All through the hot, heavy days of that summer, the thought of her was never far away, and in the evenings after his two or three hours of chores were finished, and on Sundays when to work was a sin, he usually saw her, along with the gang of kids they were both part of, swimming in the river by a little woodworking shop that had a ramp down into the water or drifting aimlessly up and down the road. Sometimes on Saturday nights, they journeyed the quarter mile across the bridge into town to walk the crowded streets, looking in store windows at all the things they couldn't buy.
“When they don't need me no more at home,” Elsie said, “I'm gonna come over here and git a job in one of them stores and buy me a dress just like that one there.”
“I tell Ruthie, âyou want to make that girl eat more,'” Alice said. “She needs a little more flesh on them bones. It don't do no harm to be a little fat, Mitch always says, because then you got somethin' to live off if you get sick.”
Every year at the end of August, they held the annual exhibition at the park on the big island in the middle of the river, which suddenly became a magical place with a dome of light above it at night and the music from the carnival rides and shows drifting up to them across the water. They went one night, a little crowd of them. They walked around the exhibition sheds at first because they didn't have to pay to do that, looking at the same animals and vegetables they saw every day at home, waiting for it to get dark when the magic of the lights would be at its best before they went in to the carnival. They didn't have enough money to go to the shows, but they stood in the crowd at the front watching the outdoor acts intended to draw them in, fire-eaters and fat ladies and hootchie-kootchie dancers and jugglers. Near the time they had to go home, they spent their money on the rides, some on the Ferris wheel, some on the merry-go-round.
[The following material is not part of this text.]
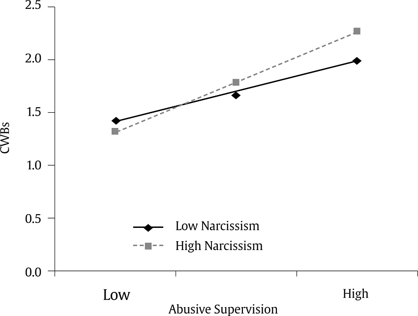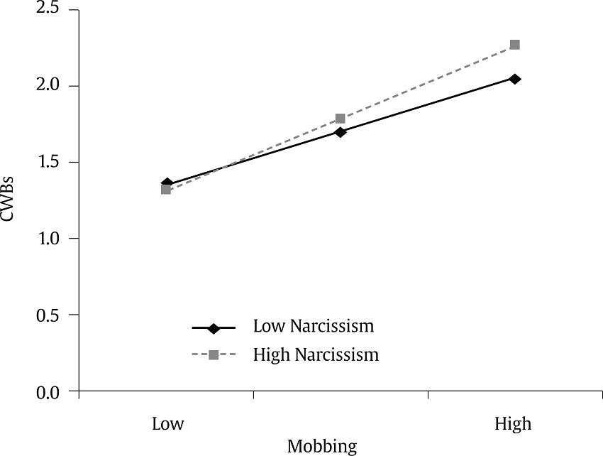 Hypothesis 5a: Narcissism moderates the relationships of mobbing and abusive supervision with CWBs in such a way that individuals who score high on narcissism report higher levels of CWBs when they are exposed to high levels of mobbing and abusive supervision than those who score low on narcissism.

As well as the pairs of gaudy horses, the merry-go-round had a gaudy, little wagon that Elsie rode around in by herself, waving at the crowd along the fence like a queen in a procession.
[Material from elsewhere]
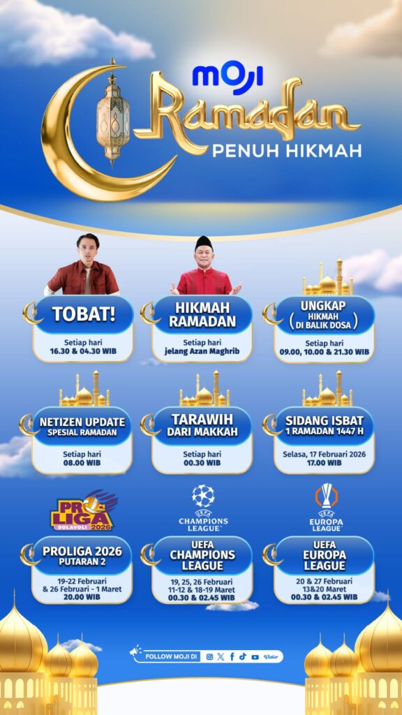 Selama Bulan Suci Ramadan, MOJI akan menayangkan suasana Tarawih langsung dari Tanah Suci melalui program “Tarawih dari Makkah” yang akan hadir setiap hari pukul 00.30 WIB. Selain itu, MOJI turut menghadirkan siaran Sidang Isbat penetapan 1 Ramadan 1447 H yang akan ditayangkan pada Selasa, 17 Februari 2026 pukul 17.00 WIB, serta Sidang Isbat penetapan 1 Syawal 1447 H pada Kamis, 19 Maret 2026.

They went back across the bridge in a ragged single file because there was no walk for pedestrians, only the roadway so narrow you had to stand flattened against the railings when something wide was edging its way past something else that was wide. Without really admitting to himself what he was doing, he let himself fall behind, and Elsie fell behind too and walked ahead of him, talking away about the carnival and what she would have done if she'd had more money. He hardly listened, his heart pounding.
When they got to the end of the bridge, the others had all gone their ways into the darkness. He walked with Elsie along the little road that led up the gulch toward the Skadget place. They stopped in the darker darkness under a big maple, and he kissed her, a quick peck on the lips, and mumbled good night and fled away home.